November = Take Time to Savor the Moments
It’s crazy what a difference a year makes. I am a bit introspective this month, so I’ve been thinking about how much our lives can change, for better or worse, in the span of a year.
A year in a life of an infant is a huge year of change and growth. And how that year changes as a couple become parents! Talk with a friend who unexpectedly lost their parent or spouse and know how much their world has been rocked. Or see the lives change for the better of those who fall in love and find their soul mate. I have several friends who are empty nesters this year and it has been a season of excitement and melancholy, this strange mix of both.

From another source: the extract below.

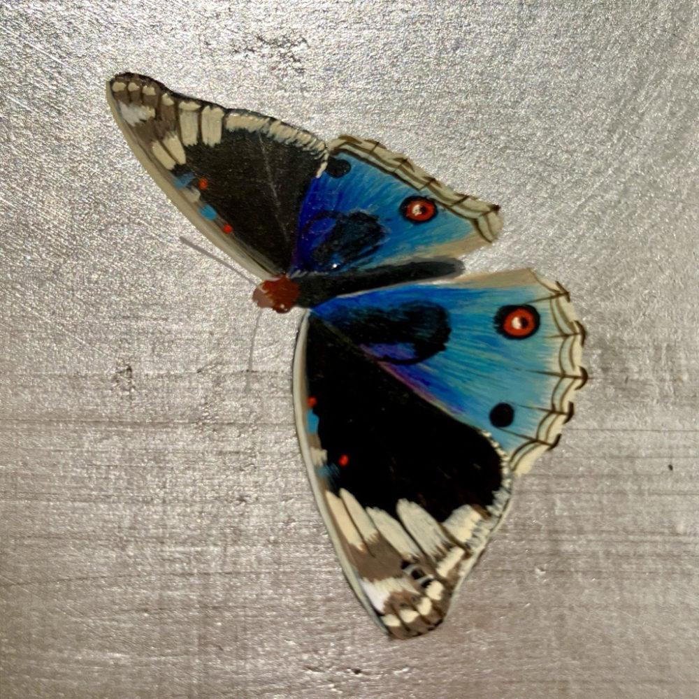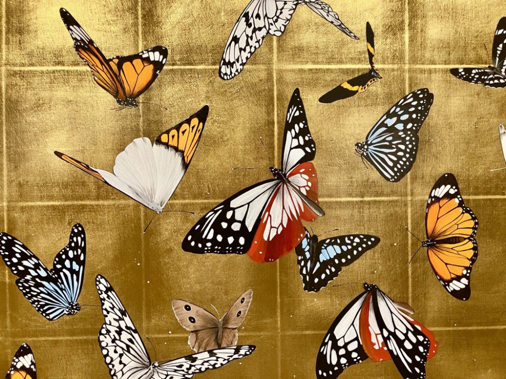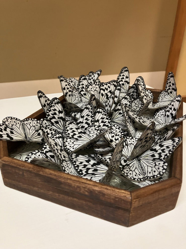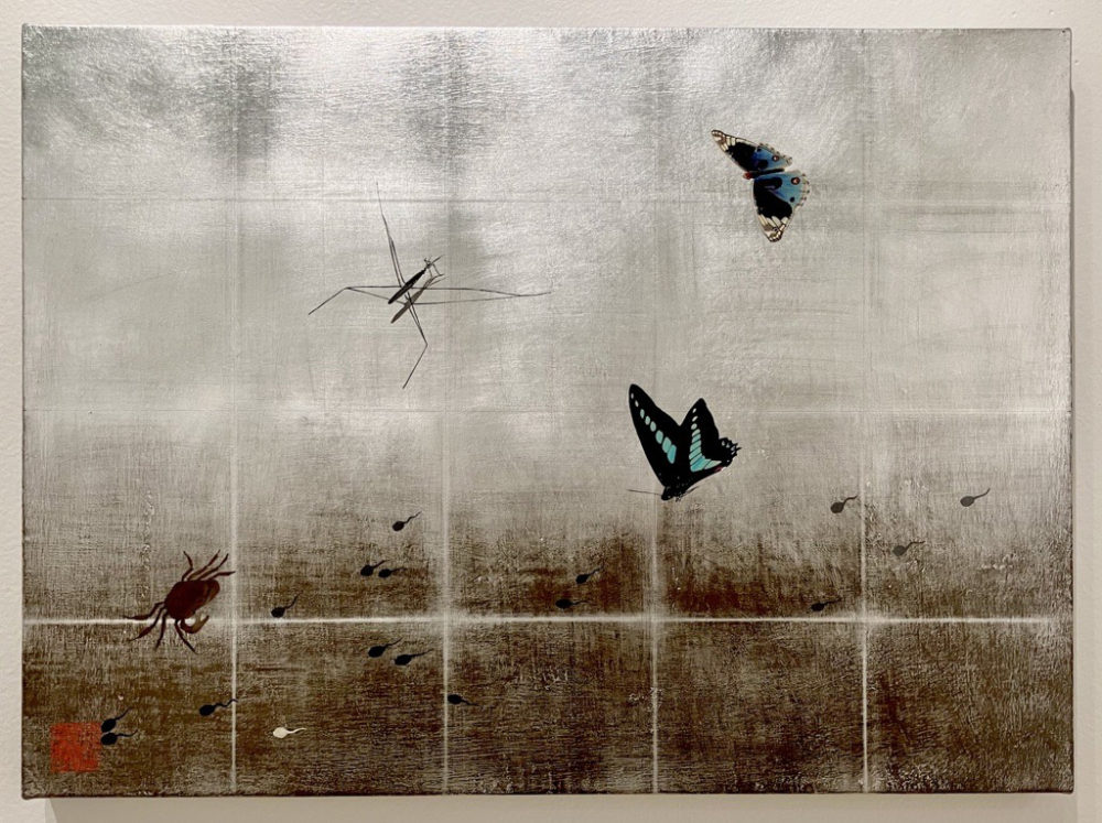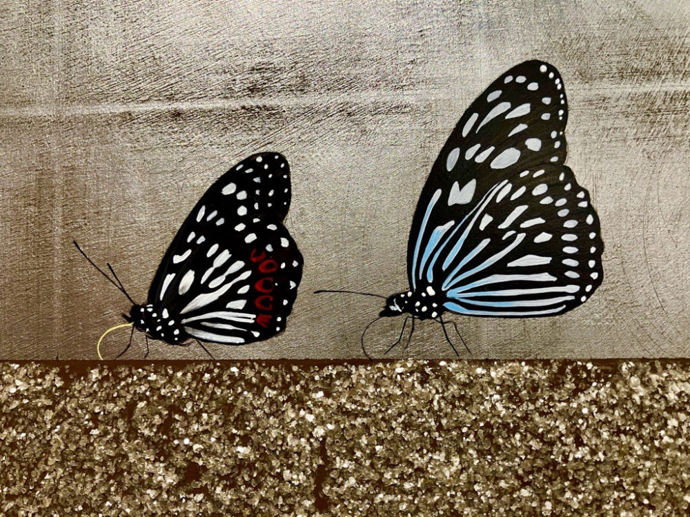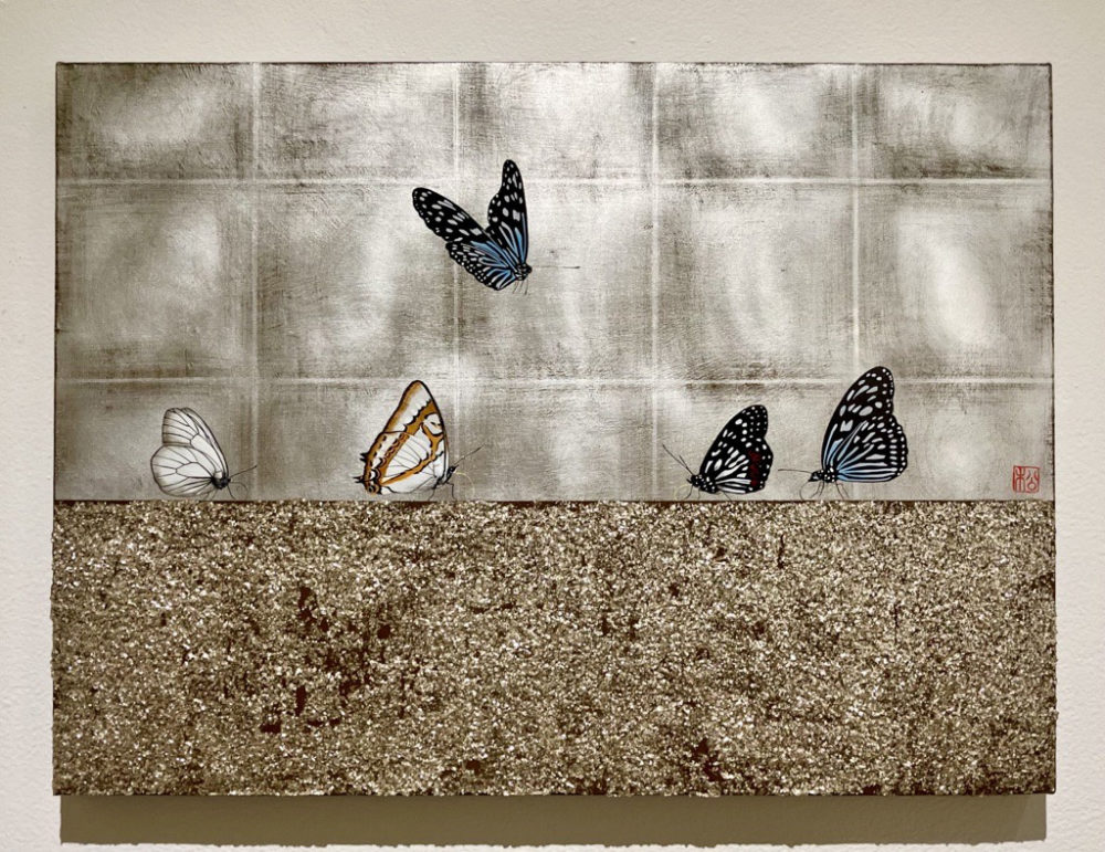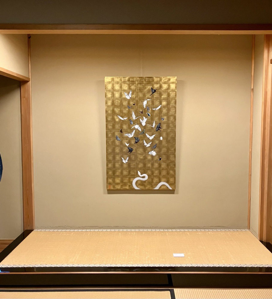 床の間の前には、金箔地の作品から飛びだしてきたような蝶の立体作品がありました。

Our family had a taste of what life with be like as a family of three when our son soon leaves the nest. He spent his summer away from us, not by choice, but by consequence and it was the hardest summer (and honestly year) that our family has gone through. We’ve had other seasons of life that have been difficult, filled with illnesses and deaths, but this was even harder because it was our child.
Our child…the boy-man that tried for so long to shove the boy part of him down and prove the man part. It’s the tug-of-war that every teen goes through but I was afraid that in the midst of the tugging, my son might be broken by the experience.
This fall as we were reunited, he wasn’t broken by it, but refined. There is a balance of the boy and man within him now that we see. The curious, creative dreamer that asks his mom to go star-gazing with him because it’s going to be a clear night. He knows I love the stars - it was my thing with my dad and has been with my son - so we hike through the woods to his favorite spot with coffee and enjoy the view from the bluff as we hear the waves crash on the shore. It was beautiful. Not the stars, not the waves, not our conversation, but the moment. The moment took my breath away and it is one that I am so thankful for. My son didn’t just share his love of the stars and outdoors with me, nor did he just share his secret spot, but he shared his time with me, a shared moment that I know we both won’t forget.
I am so thankful for the big and little moments that have shaped this past year. The difficult and the powerful, the minor and the everyday moments that add up to a year. I want to create more moments this season and be actively thankful for them. I mean I want to pay attention and notice them and savor them while in the moment. And to be grateful for them.